INFORMATION SHOWN
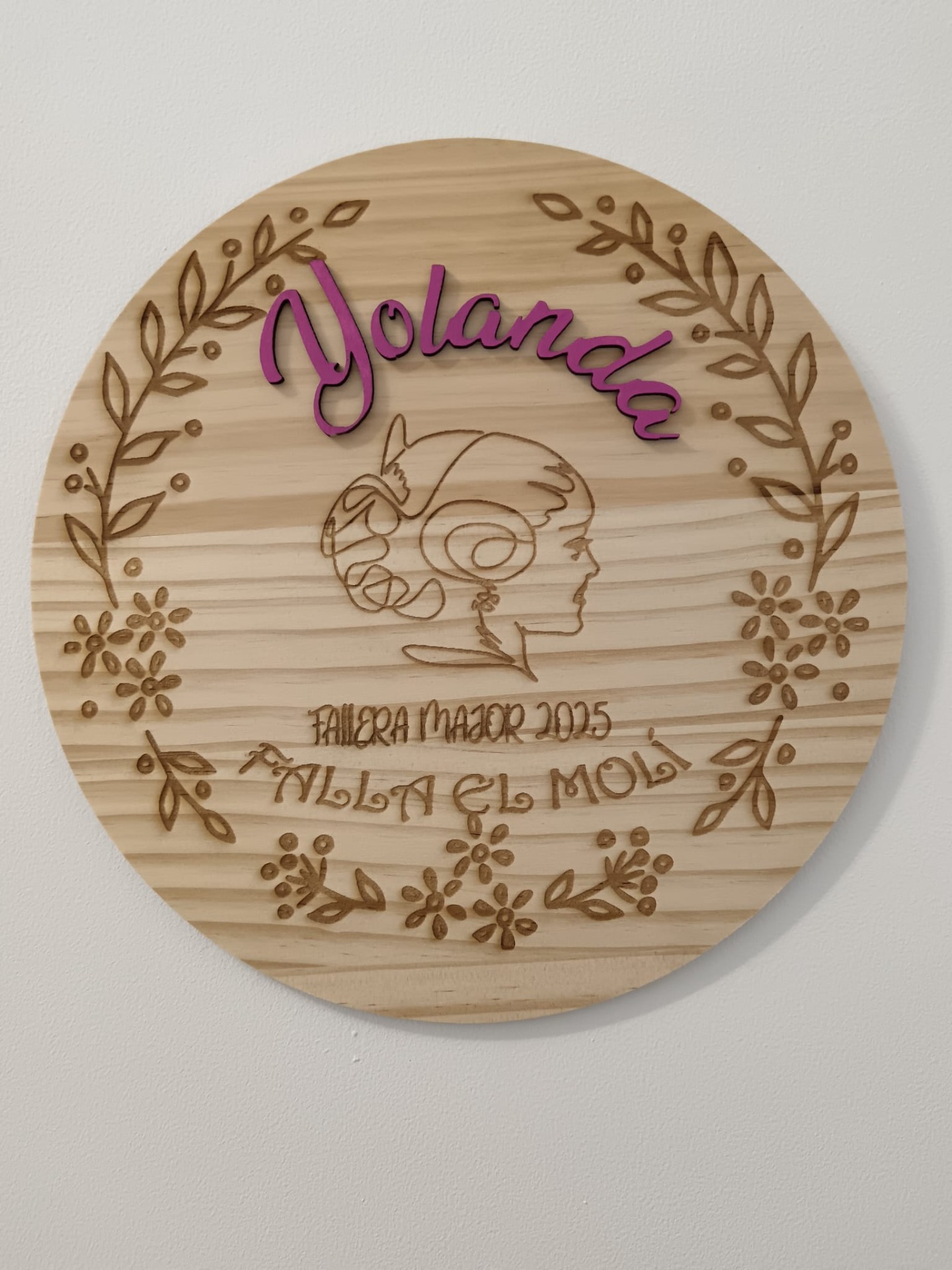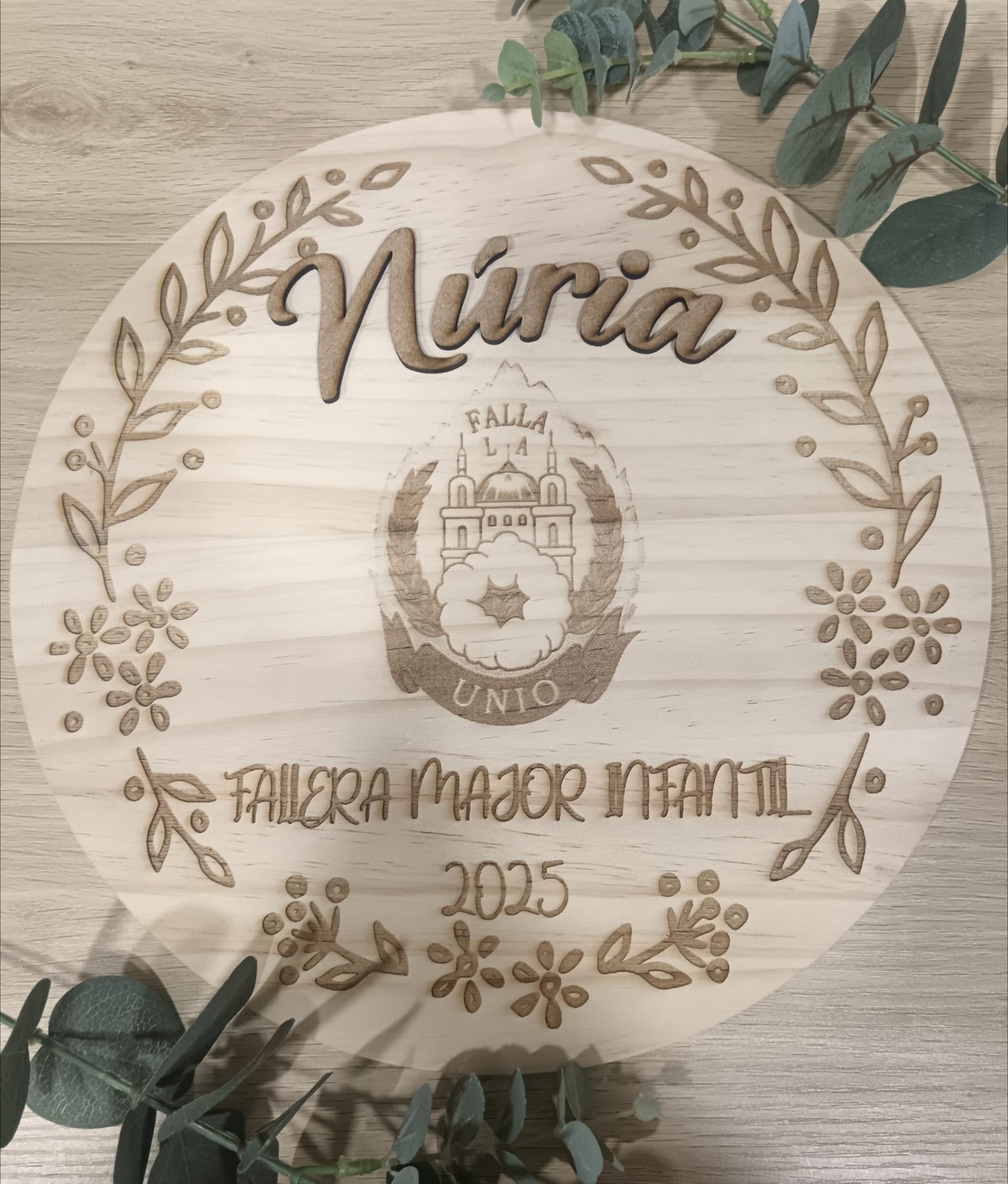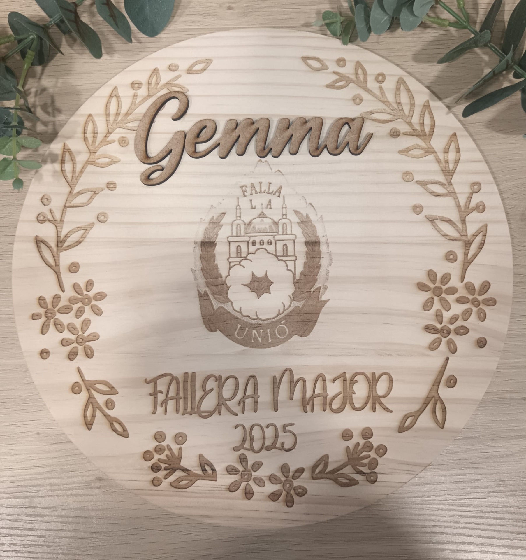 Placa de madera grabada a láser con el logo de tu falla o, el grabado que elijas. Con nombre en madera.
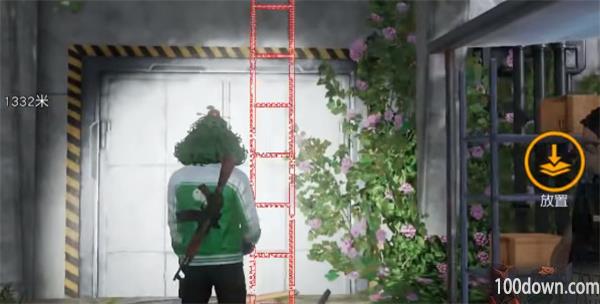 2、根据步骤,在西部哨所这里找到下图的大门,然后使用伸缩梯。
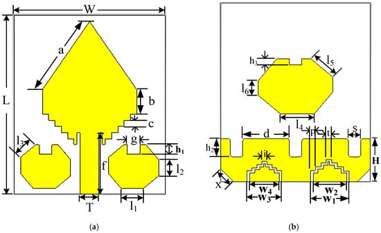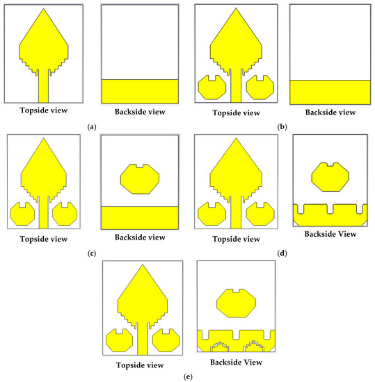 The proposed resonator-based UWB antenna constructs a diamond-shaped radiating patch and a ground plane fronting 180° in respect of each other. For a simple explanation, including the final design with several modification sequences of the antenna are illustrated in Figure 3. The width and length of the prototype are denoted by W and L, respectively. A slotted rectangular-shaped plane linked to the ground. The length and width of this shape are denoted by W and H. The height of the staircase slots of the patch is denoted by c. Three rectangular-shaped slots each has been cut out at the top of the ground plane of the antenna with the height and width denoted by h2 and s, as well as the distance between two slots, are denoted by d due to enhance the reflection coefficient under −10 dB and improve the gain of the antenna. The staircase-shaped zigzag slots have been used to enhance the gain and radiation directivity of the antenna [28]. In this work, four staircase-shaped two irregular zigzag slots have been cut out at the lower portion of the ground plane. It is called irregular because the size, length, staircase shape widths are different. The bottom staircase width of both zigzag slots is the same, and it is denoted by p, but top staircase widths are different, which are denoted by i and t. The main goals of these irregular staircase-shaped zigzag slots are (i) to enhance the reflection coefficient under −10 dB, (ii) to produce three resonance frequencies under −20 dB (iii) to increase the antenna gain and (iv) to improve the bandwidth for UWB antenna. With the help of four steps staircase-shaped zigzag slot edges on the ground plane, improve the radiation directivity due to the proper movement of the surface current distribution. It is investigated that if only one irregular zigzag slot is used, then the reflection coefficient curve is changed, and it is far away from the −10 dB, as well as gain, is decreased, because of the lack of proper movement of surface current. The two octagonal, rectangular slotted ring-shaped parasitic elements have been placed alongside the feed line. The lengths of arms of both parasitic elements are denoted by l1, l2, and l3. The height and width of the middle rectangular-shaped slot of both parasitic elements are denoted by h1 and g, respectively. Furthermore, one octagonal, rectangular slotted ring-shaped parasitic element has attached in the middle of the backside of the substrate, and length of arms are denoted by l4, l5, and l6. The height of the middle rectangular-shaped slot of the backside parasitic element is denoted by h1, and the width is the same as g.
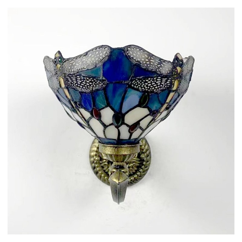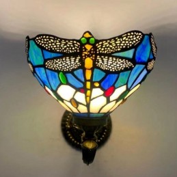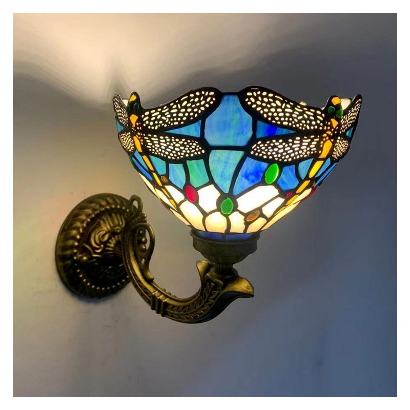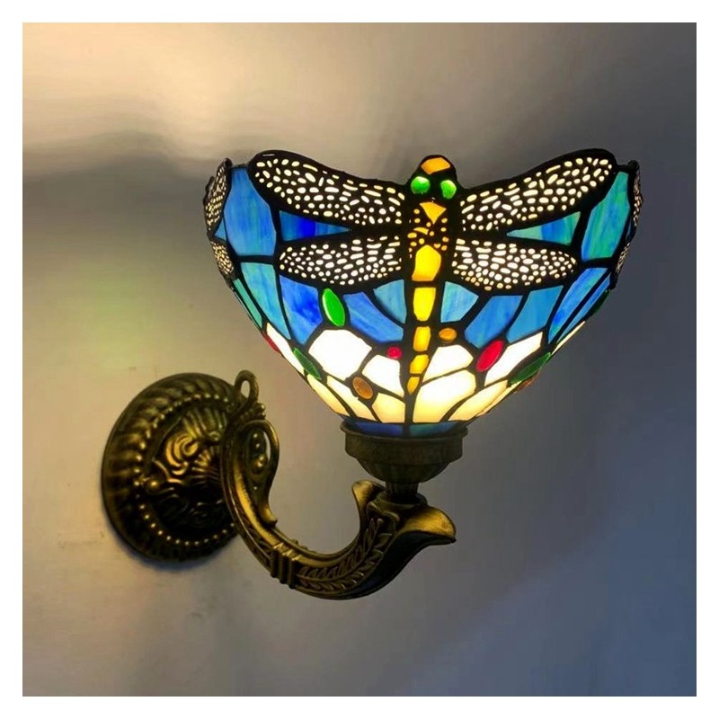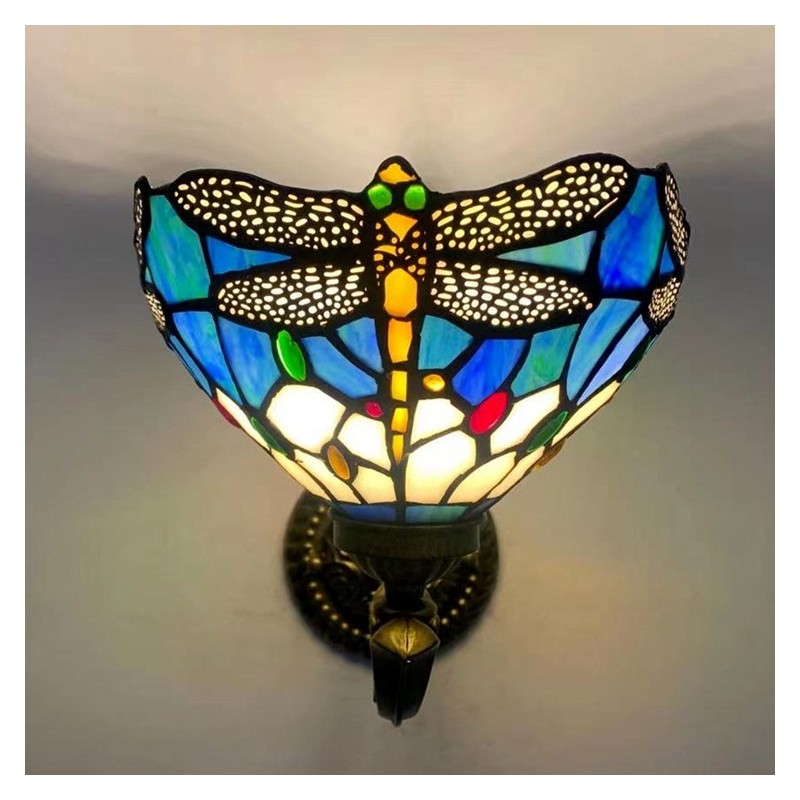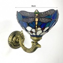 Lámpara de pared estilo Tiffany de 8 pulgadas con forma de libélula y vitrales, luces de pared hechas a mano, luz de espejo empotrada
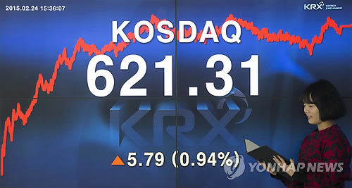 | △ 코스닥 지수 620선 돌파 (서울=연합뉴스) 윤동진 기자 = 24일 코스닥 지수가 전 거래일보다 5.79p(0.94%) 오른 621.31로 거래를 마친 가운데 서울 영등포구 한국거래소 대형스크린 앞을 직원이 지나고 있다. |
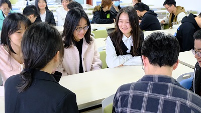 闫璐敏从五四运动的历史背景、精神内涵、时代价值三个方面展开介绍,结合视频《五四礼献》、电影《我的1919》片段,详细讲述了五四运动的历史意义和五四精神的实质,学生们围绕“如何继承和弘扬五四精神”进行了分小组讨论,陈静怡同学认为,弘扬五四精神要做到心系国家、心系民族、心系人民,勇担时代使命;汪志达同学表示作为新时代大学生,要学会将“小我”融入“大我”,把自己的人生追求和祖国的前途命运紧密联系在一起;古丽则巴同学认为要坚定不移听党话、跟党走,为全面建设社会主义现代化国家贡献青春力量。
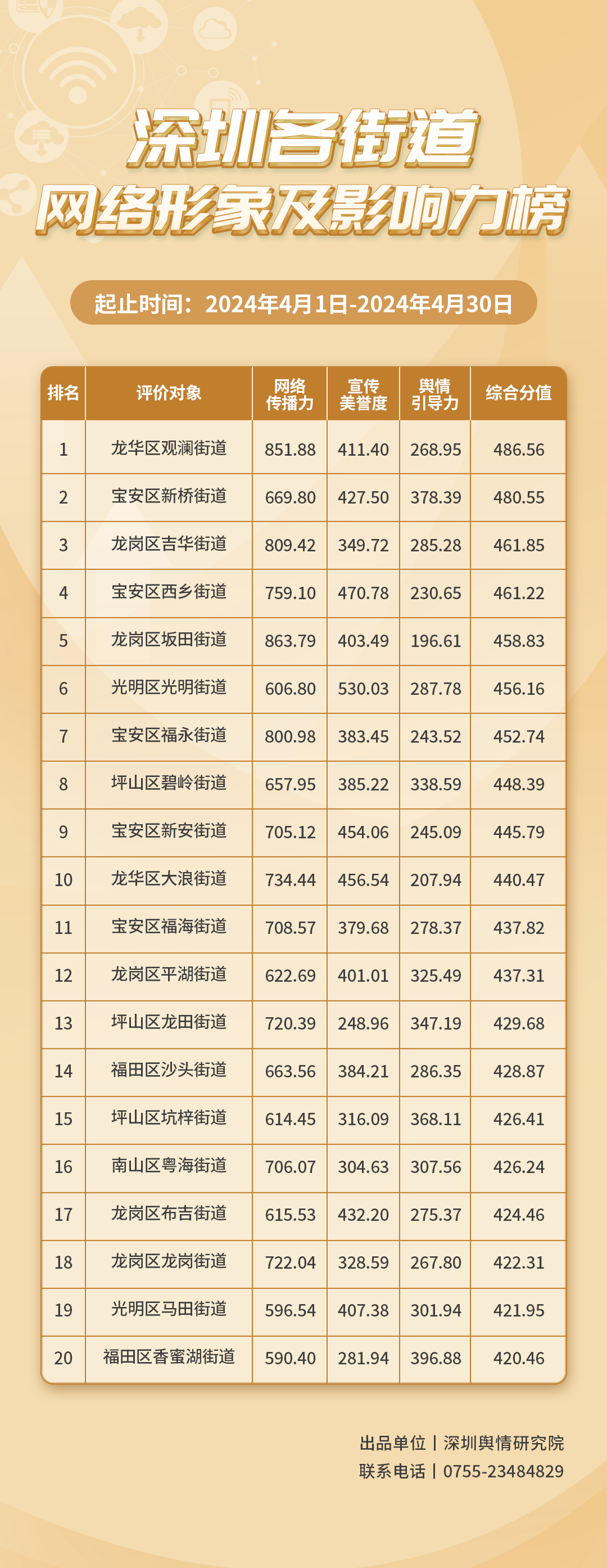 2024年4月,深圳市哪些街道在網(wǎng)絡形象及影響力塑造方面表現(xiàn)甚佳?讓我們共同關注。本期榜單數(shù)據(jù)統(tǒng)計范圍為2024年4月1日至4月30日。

WHAT YOU NEED TO DO
Each record above should be repeated exactly, please, without pictures.

OUTPUT FOR THIS EXERCISE
 Placa de madera grabada a láser con el logo de tu falla o, el grabado que elijas. Con nombre en madera.
 2、根据步骤,在西部哨所这里找到下图的大门,然后使用伸缩梯。
 The proposed resonator-based UWB antenna constructs a diamond-shaped radiating patch and a ground plane fronting 180° in respect of each other. For a simple explanation, including the final design with several modification sequences of the antenna are illustrated in Figure 3. The width and length of the prototype are denoted by W and L, respectively. A slotted rectangular-shaped plane linked to the ground. The length and width of this shape are denoted by W and H. The height of the staircase slots of the patch is denoted by c. Three rectangular-shaped slots each has been cut out at the top of the ground plane of the antenna with the height and width denoted by h2 and s, as well as the distance between two slots, are denoted by d due to enhance the reflection coefficient under −10 dB and improve the gain of the antenna. The staircase-shaped zigzag slots have been used to enhance the gain and radiation directivity of the antenna [28]. In this work, four staircase-shaped two irregular zigzag slots have been cut out at the lower portion of the ground plane. It is called irregular because the size, length, staircase shape widths are different. The bottom staircase width of both zigzag slots is the same, and it is denoted by p, but top staircase widths are different, which are denoted by i and t. The main goals of these irregular staircase-shaped zigzag slots are (i) to enhance the reflection coefficient under −10 dB, (ii) to produce three resonance frequencies under −20 dB (iii) to increase the antenna gain and (iv) to improve the bandwidth for UWB antenna. With the help of four steps staircase-shaped zigzag slot edges on the ground plane, improve the radiation directivity due to the proper movement of the surface current distribution. It is investigated that if only one irregular zigzag slot is used, then the reflection coefficient curve is changed, and it is far away from the −10 dB, as well as gain, is decreased, because of the lack of proper movement of surface current. The two octagonal, rectangular slotted ring-shaped parasitic elements have been placed alongside the feed line. The lengths of arms of both parasitic elements are denoted by l1, l2, and l3. The height and width of the middle rectangular-shaped slot of both parasitic elements are denoted by h1 and g, respectively. Furthermore, one octagonal, rectangular slotted ring-shaped parasitic element has attached in the middle of the backside of the substrate, and length of arms are denoted by l4, l5, and l6. The height of the middle rectangular-shaped slot of the backside parasitic element is denoted by h1, and the width is the same as g.
 Lámpara de pared estilo Tiffany de 8 pulgadas con forma de libélula y vitrales, luces de pared hechas a mano, luz de espejo empotrada
 | △ 코스닥 지수 620선 돌파 (서울=연합뉴스) 윤동진 기자 = 24일 코스닥 지수가 전 거래일보다 5.79p(0.94%) 오른 621.31로 거래를 마친 가운데 서울 영등포구 한국거래소 대형스크린 앞을 직원이 지나고 있다. |
 闫璐敏从五四运动的历史背景、精神内涵、时代价值三个方面展开介绍,结合视频《五四礼献》、电影《我的1919》片段,详细讲述了五四运动的历史意义和五四精神的实质,学生们围绕“如何继承和弘扬五四精神”进行了分小组讨论,陈静怡同学认为,弘扬五四精神要做到心系国家、心系民族、心系人民,勇担时代使命;汪志达同学表示作为新时代大学生,要学会将“小我”融入“大我”,把自己的人生追求和祖国的前途命运紧密联系在一起;古丽则巴同学认为要坚定不移听党话、跟党走,为全面建设社会主义现代化国家贡献青春力量。
 2024年4月,深圳市哪些街道在網(wǎng)絡形象及影響力塑造方面表現(xiàn)甚佳?讓我們共同關注。本期榜單數(shù)據(jù)統(tǒng)計范圍為2024年4月1日至4月30日。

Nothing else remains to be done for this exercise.